Dataset excerpt

■ ■ ■ ■

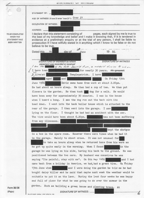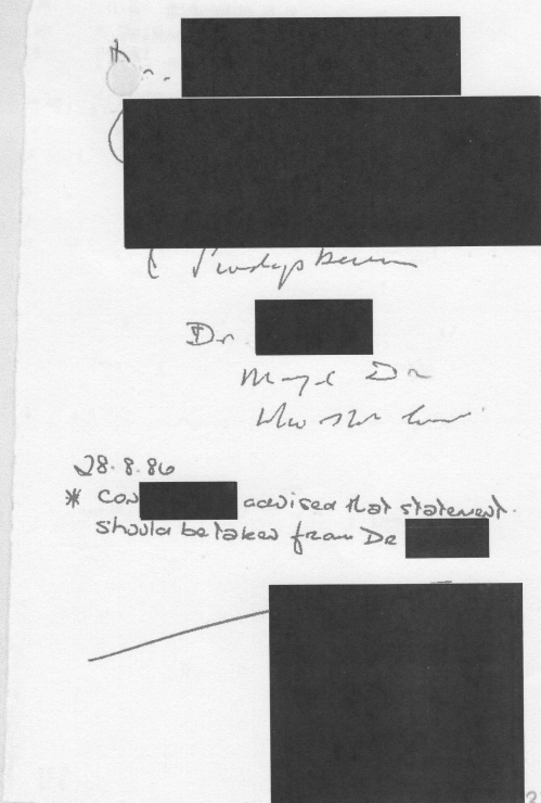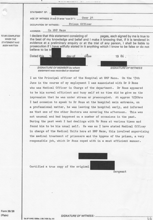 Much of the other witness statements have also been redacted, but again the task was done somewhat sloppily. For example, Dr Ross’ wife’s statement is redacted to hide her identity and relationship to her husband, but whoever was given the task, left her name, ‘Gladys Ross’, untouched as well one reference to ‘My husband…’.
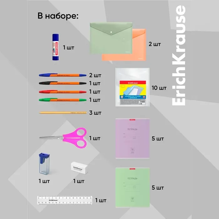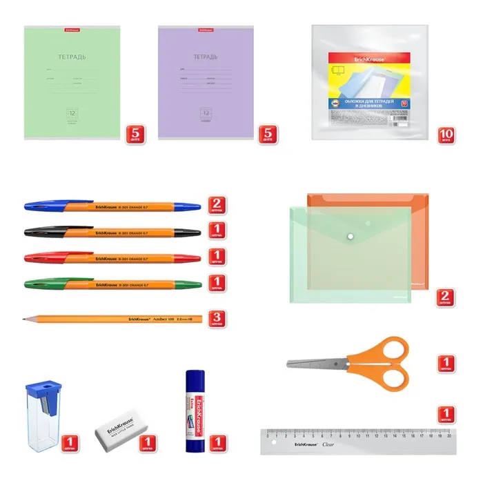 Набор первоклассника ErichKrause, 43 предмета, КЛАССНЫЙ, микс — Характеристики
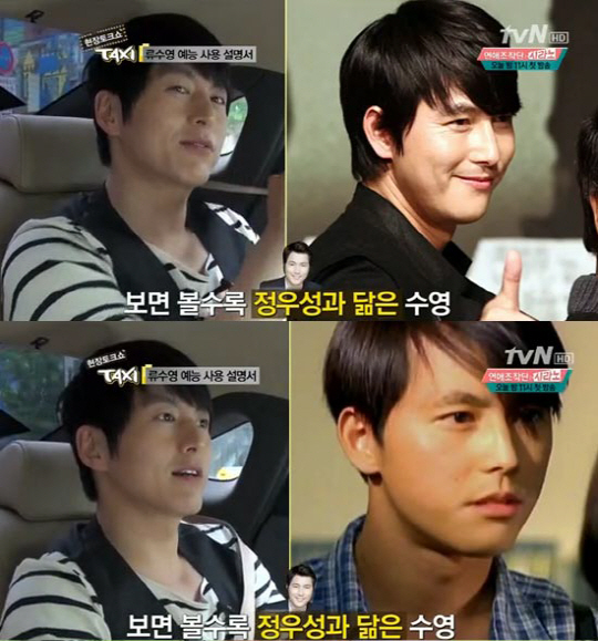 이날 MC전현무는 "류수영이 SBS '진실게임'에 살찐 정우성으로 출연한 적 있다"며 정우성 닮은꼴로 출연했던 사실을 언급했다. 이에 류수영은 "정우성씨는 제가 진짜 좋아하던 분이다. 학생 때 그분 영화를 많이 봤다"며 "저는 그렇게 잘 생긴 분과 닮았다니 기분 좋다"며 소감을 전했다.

■ ■ ■ ■

Exercise directions
Starting with the line that holds "Набор первоклассника ErichKrause, 43", transcribe exactly each line through the last one of the material above, and nothing else. Do not include pictures.

Answer space
 Набор первоклассника ErichKrause, 43 предмета, КЛАССНЫЙ, микс — Характеристики
 이날 MC전현무는 "류수영이 SBS '진실게임'에 살찐 정우성으로 출연한 적 있다"며 정우성 닮은꼴로 출연했던 사실을 언급했다. 이에 류수영은 "정우성씨는 제가 진짜 좋아하던 분이다. 학생 때 그분 영화를 많이 봤다"며 "저는 그렇게 잘 생긴 분과 닮았다니 기분 좋다"며 소감을 전했다.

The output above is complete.